In tweaking its chatbot to appeal to more people, OpenAI made it riskier for some of them. Now the company has made its chatbot safer. Will that undermine its quest for growth?
In tweaking its chatbot to appeal to more people, OpenAI made it riskier for some of them. Now the company has made its chatbot safer. Will that undermine its quest for growth?
This reads like OpenAI’s fanfic on what happened, retconning decisions they didn’t make, things they didn’t (couldn’t!) do, and thought that didn’t occur to them. All indicating that the possibility to be infinitely better is not only possible, but is right there for their taking.
Citation needed.
This reality does not exist: Claude is trying to lick my ass clean every time I ask it a simple question, and while sycophantic language can be toned down, the behavior of coming up with a believable positive answer for whatever the user has, is the foundational core of LLMs.
As soon as they found experts who were willing to say something else than “don’t make a chatbot”. They now have a sycophantically motivated system with an ever growing list of sticky notes on its desk: “if sleep deprivation then alarm”, “if suicide then alarm”, “if ending life then alarm”, “if stop living then alarm”, hoping to have enough to catch the most obvious attempts.

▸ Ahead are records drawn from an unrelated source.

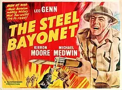 The Steel Bayonet is a 1957 British war film directed by Michael Carreras and starring Leo Genn, Kieron Moore and Michael Medwin.[3] Michael Caine also had a small role in the film, early in his career. It is set during the Second World War, in the Tunisian desert when a small British observation force are surrounded in a farm by overwhelming forces of the German Afrika Korps. Filming took place on Salisbury Plain, which doubled for North Africa. This was Michael Carreras' first film he directed for Hammer. Phil Leakey did Makeup and Sid Pearson did Special Effects. The film's original working title was Observation Post. The German soldiers actually spoke German (with English subtitles) in the film, which was unusual for its time. Filming wrapped on Sept. 20, 1956, it was trade shown in London on May 14, 1957, and released on June 3, 1957. It was released in the US in 1958 on a double bill with a Forrest Tucker western called Fort Massacre.[4]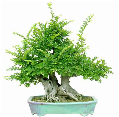 樹一本雙干,自盆面而長,或筆直,或一直一斜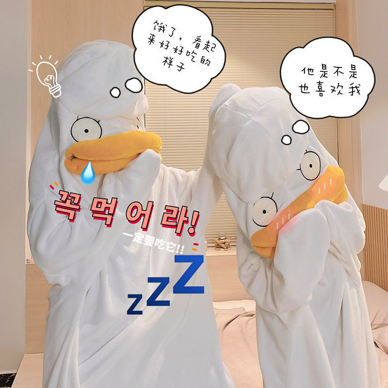 실버 소울 엘리자베스 오리 잠옷 여성의 겨울 원피스 웃긴 커플 슬리핑 가방 귀여운 만화 플란넬 잠옷스토어 가기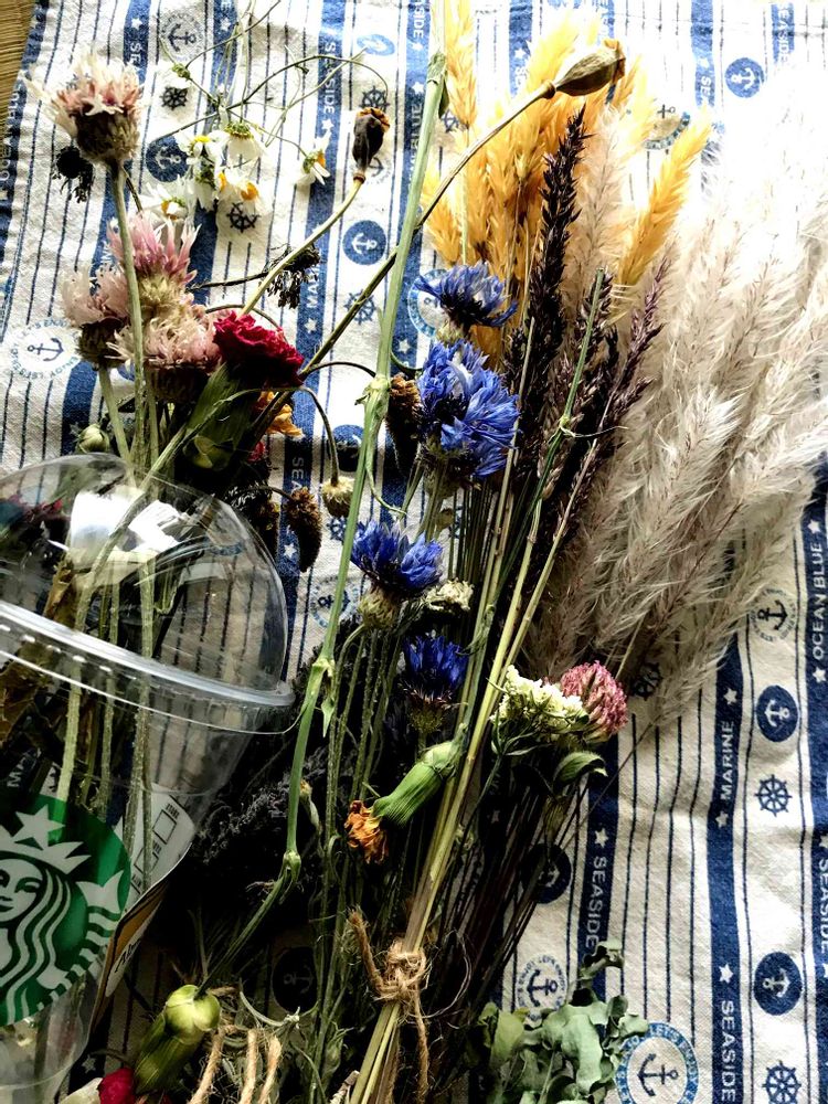 そこら辺で取ってきた雑草やカーネーション、ノースポール、ユーカリなどドライフラワーにしました‼️
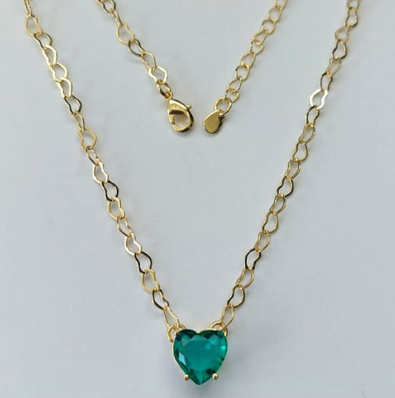 SHOCKER FOLHEADO A OURO 5 MILÉSIMOS + VERNIZ DIAMOND - CORRENTE DE CORAÇÃO 40CM + EXTENSOR E FECHO LAGOSTA - PINGENTE ZIRCÔNIA FORMATO CORAÇÃO 10MM - OURO896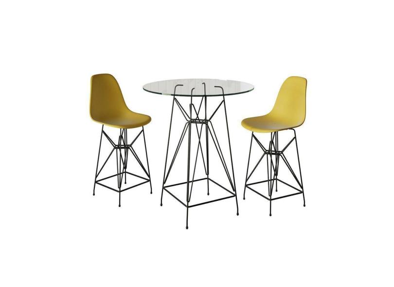 Jogo Mesa Bistrô Eames Vidro 60Cm 2 Banquetas Amarela Base Ferro Preto - Cor: Branco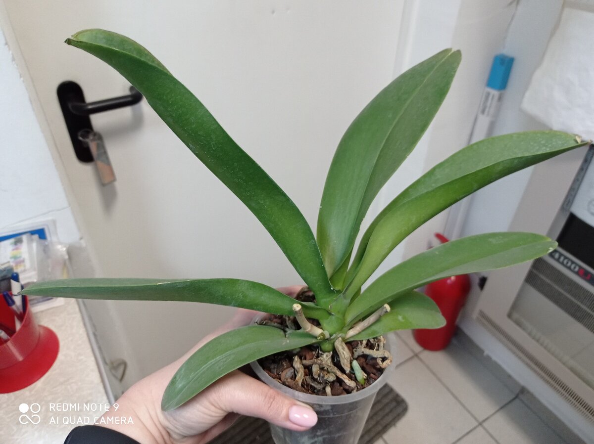 Совершенно здоровая и сильная. Единственное в чем она провинилась, это отцвела.... И её несли на помойку! В такой мороз ей не давали даже шанс на выживание, её просто никто не успел бы забрать, она бы там на контейнере и замерзла. Но на наше с орхидеей счастье мы встретились в подъезде. На вопрос "за что? ", мне ответили, что после цветения орхидеи всегда погибают и что это цветок одноразовый. Я не стала спорить и в чем-то убеждать хозяйку и с радостью забрала красотку себе! Да и как я могу спорить, если в самом начале моего знакомства с орхидеями, я сама загубила три цветка! Я и сейчас не специалист, но очень их люблю, и они меня))) (надеюсь).

The study was basically rigged: it used 18 known and identified crises chat logs from ChatGPT - meaning the set of stuff OpenAI just had hard coded “plz alarm” for, and thousands of “simulated mental health crises” generated by FUCKING LLMs meaning they only test if ChatGPT can identify mental health problems in texts where it had written its own understanding of what meantal health crisis looked like. For fucks sake of course it did perfectly in guessing its own card.
TLDR; bullshit damage control
The hard coding here is basically fine tuning.

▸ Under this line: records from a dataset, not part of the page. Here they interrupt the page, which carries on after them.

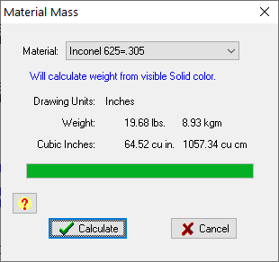 The Lathe Material weight function will calculate the weight of the part using the Solids feature.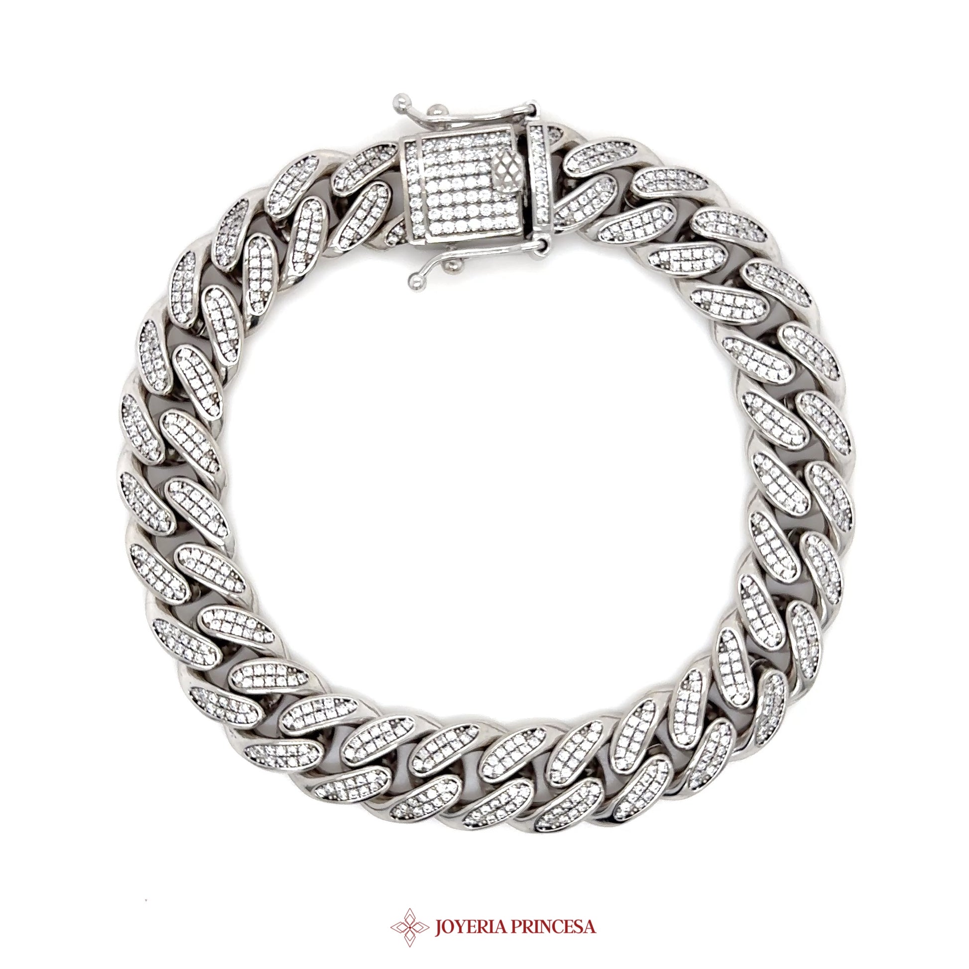 EN: This stunning silver bracelet features a curb link design adorned with simulated stones for a dazzling look. • Elegant curb link style • Sparkling simulated stones • Secure clasp for comfortable wear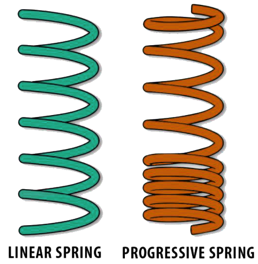 2. Progressive Spring คือคอยล์สปริงที่มีระยะห่างแต่ละขดไม่เท่ากันเลย จะมีระยะห่างระหว่างขดเพิ่มขึ้นเรื่อยๆ ซึ่งค่า K ของแต่ละขดจะไม่เท่ากัน ซึ่งคอยล์สปริงแบบนี้จะค่อยๆเพิ่มความแข็งขึ้น ไปจนถึงค่า K สูงสุด ทำให้เวลาขับช้าก็จะนุ่ม และยิ่งเร็วยิ่งแข็งขึ้นตามลำดับอย่างต่อเนื่อง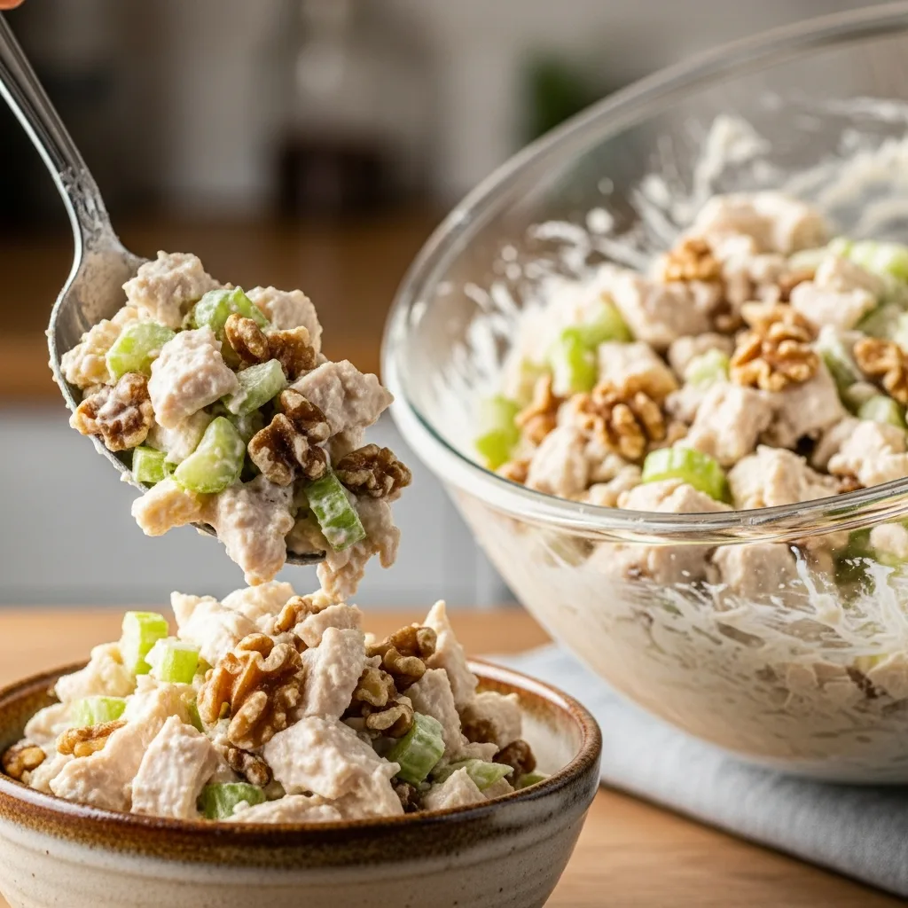 Servis etmeden hemen önce isteğe bağlı olarak ceviz içini ekleyip karıştırın ve soğuk olarak servis yapın.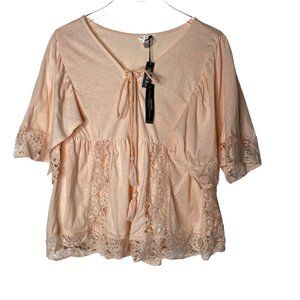 Venus peach lace peasant top blouse NEW size M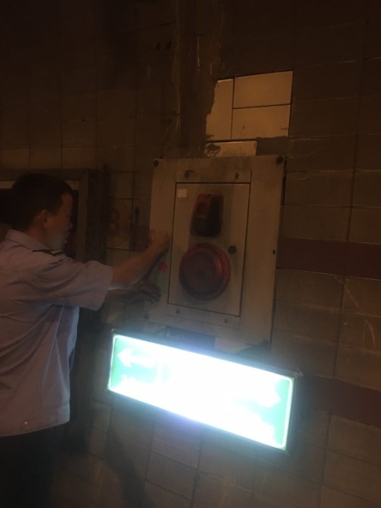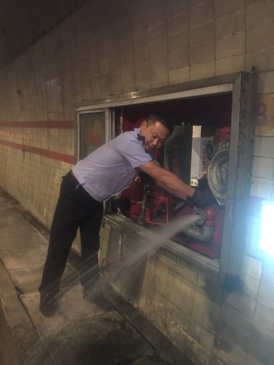 圖為張貼火災(zāi)報(bào)警提示標(biāo)語(yǔ) 此次隧道清洗工作主要針對(duì)隧道內(nèi)的機(jī)電設(shè)施維修與保養(yǎng),清潔監(jiān)控和照明燈,修復(fù)故障攝像機(jī);檢修消防設(shè)施,如火災(zāi)報(bào)警采用點(diǎn)火測(cè)試、手動(dòng)報(bào)警、緊急廣播和電話測(cè)試,以及檢查消防箱;隧道內(nèi)指示標(biāo)記檢查,如人通、汽通檢查保養(yǎng),隧道風(fēng)機(jī)檢測(cè),貼安全提示標(biāo)志,修復(fù)提示燈等。 隊(duì)員們放棄休假,加班加點(diǎn),借著隧道清洗一類施工的有利條件,把隧道內(nèi)需報(bào)修的各種設(shè)備進(jìn)行維修和保養(yǎng),保障了隧道內(nèi)機(jī)電、消防設(shè)施的正常運(yùn)行,排除安全隱患,為即將到來(lái)的中秋小長(zhǎng)假提供明亮、安全的隧道行車(chē)環(huán)境。 陳智慧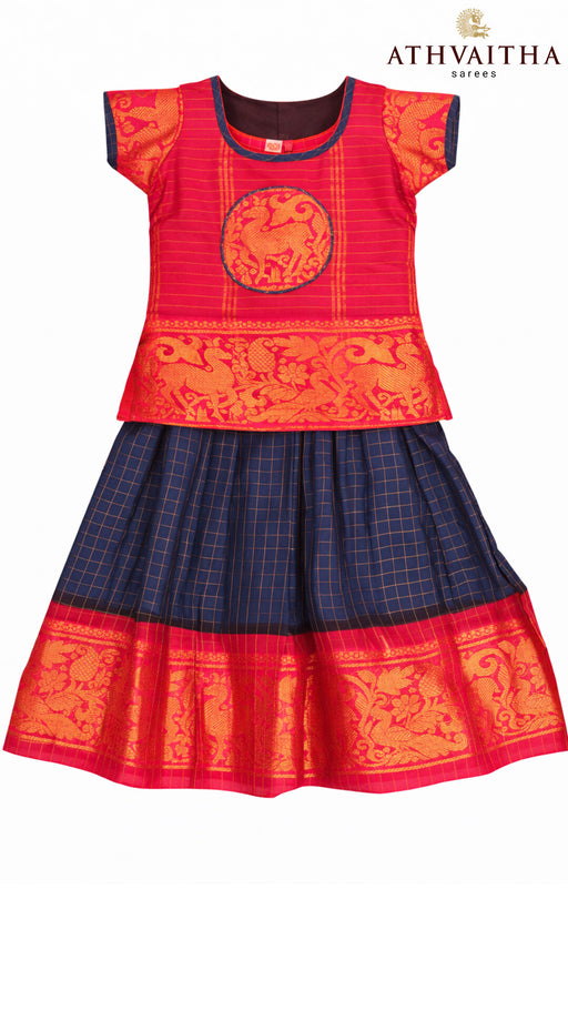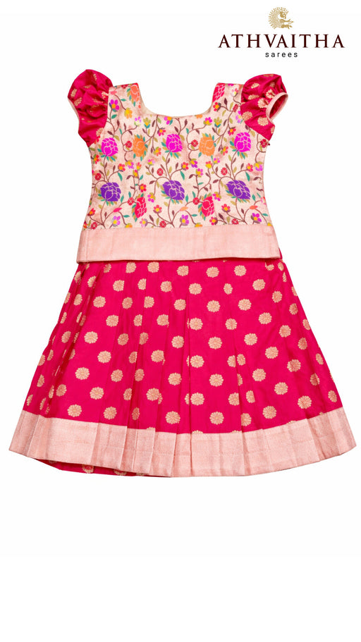 Kids Pavadai Sattai Banarasi Skirt with Copper Tissue Floral Thread Work Top – Traditional Baby Girl Ethnic Dress

They generate a set of example cases and then paired prompt with good and bad responses. Then they update the model weights until it does well on those cases.

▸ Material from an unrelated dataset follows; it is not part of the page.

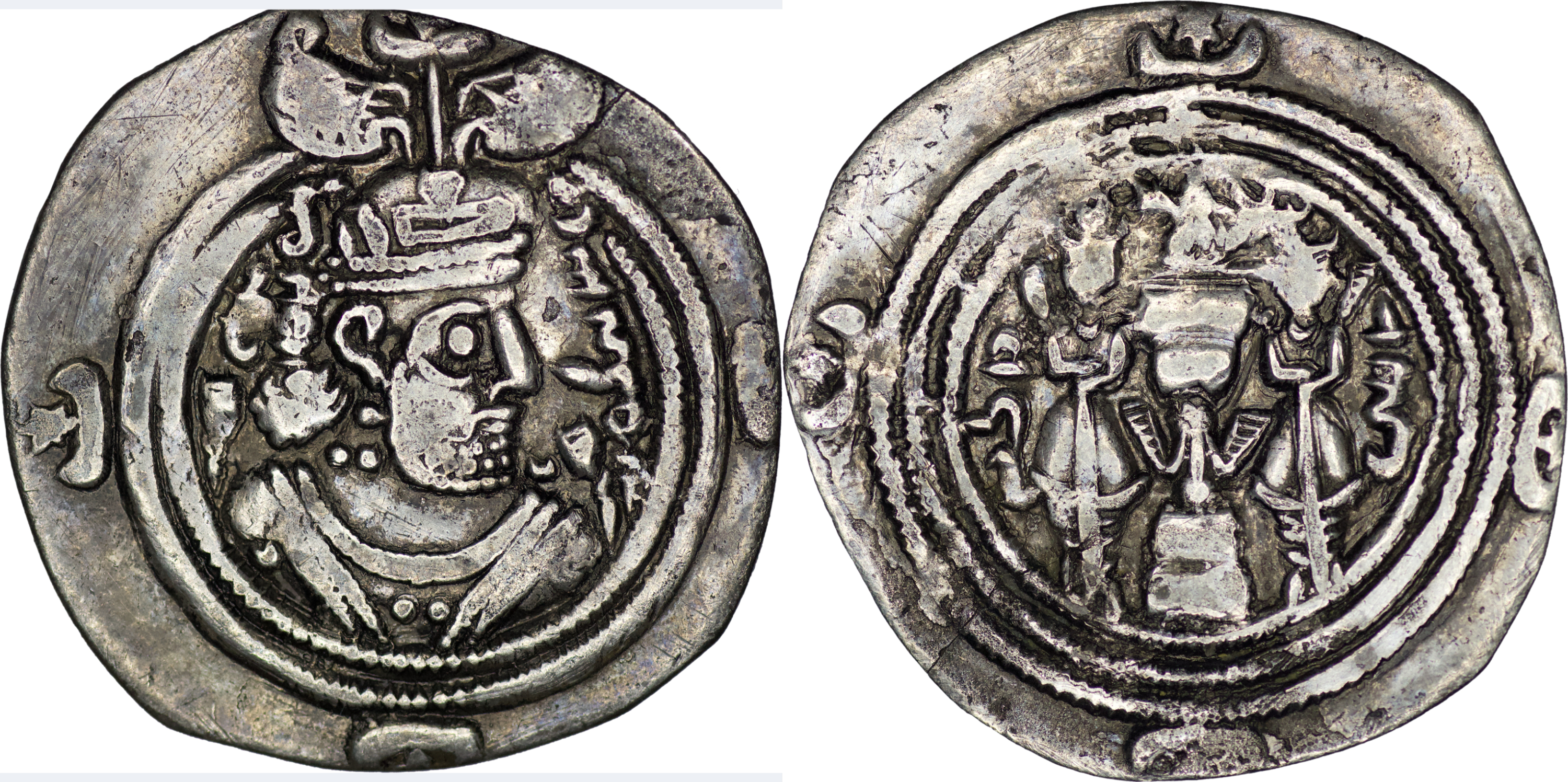 SASANIAN EMPIRE: HormizdVI, 631-632, AR drachm (2.37g/ 25mm), WHYC (the Treasury mint), year 2, Göbl 230. Fine. Clipped during Arab conquest of Iran to reduce weight.

So they only do this with cases they’ve seen, and they can’t really say how well it does with cases they haven’t.
Having this in their fine tune dataset will juice the results, but also hopefully it actually identifies these issues correctly.
The other thing is a lot of the raw data in these systems is generated by cheap workers in third world countries who will not have a good appreciation for mental health.